Advanced Computing Challenge 5: What do we do when Moore’s law doesn’t extend

Why is it difficult?

Moore’s law guided the growth of integrated circuits over the last 50 years with the production of more integrated and low-cost electronic devices. Now it doesn’t work that efficiently, and we no longer get the same power efficiency that we used to get by making smaller transistors. Therefore, new approaches are required to scale computing in the future. In this direction, new technologies such as on-chip parallelism, heterogeneous and specialized parallelism hold a good potential because it is a more power-efficient and scalar way to get performance scaling than general-purpose processors. However, specialized heterogeneous parallelism is hard as we have lost much of the durable, long-term abstractions that we had between hardware and software for 50 years.
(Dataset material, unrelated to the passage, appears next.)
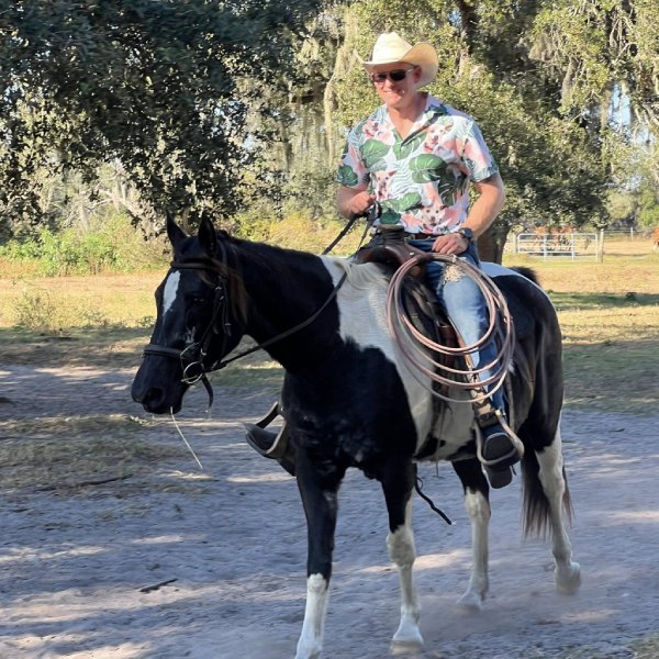 Rain is our Tennessee Walker mare with a heart of gold. I rescued her after seeing an urgent re-homing ad on Craigslist in Arcadia. She is a wonderful mother to our Akhal-Teke/Tennessee Walker cross, Sunrise. While Rain is best suited for more experienced riders, she can also be enjoyed by beginners who are comfortable with her naturally faster gait.

We are programming in a very different way than we used to, and we have lost the ability to port software as easily as we used to, and that has implications on reliability and security. Therefore, developing a robust hardware-software stack with heterogeneous computing is an open challenge.

What is the impact?

Over the last many years, we have seen that our laptops and cell phones are getting cheaper, smaller in size, and more powerful than before. We expect the same trend to continue in the future. Heterogeneous computing is also energy efficient as it uses different types of processors incorporating specialized processing capabilities to perform different tasks.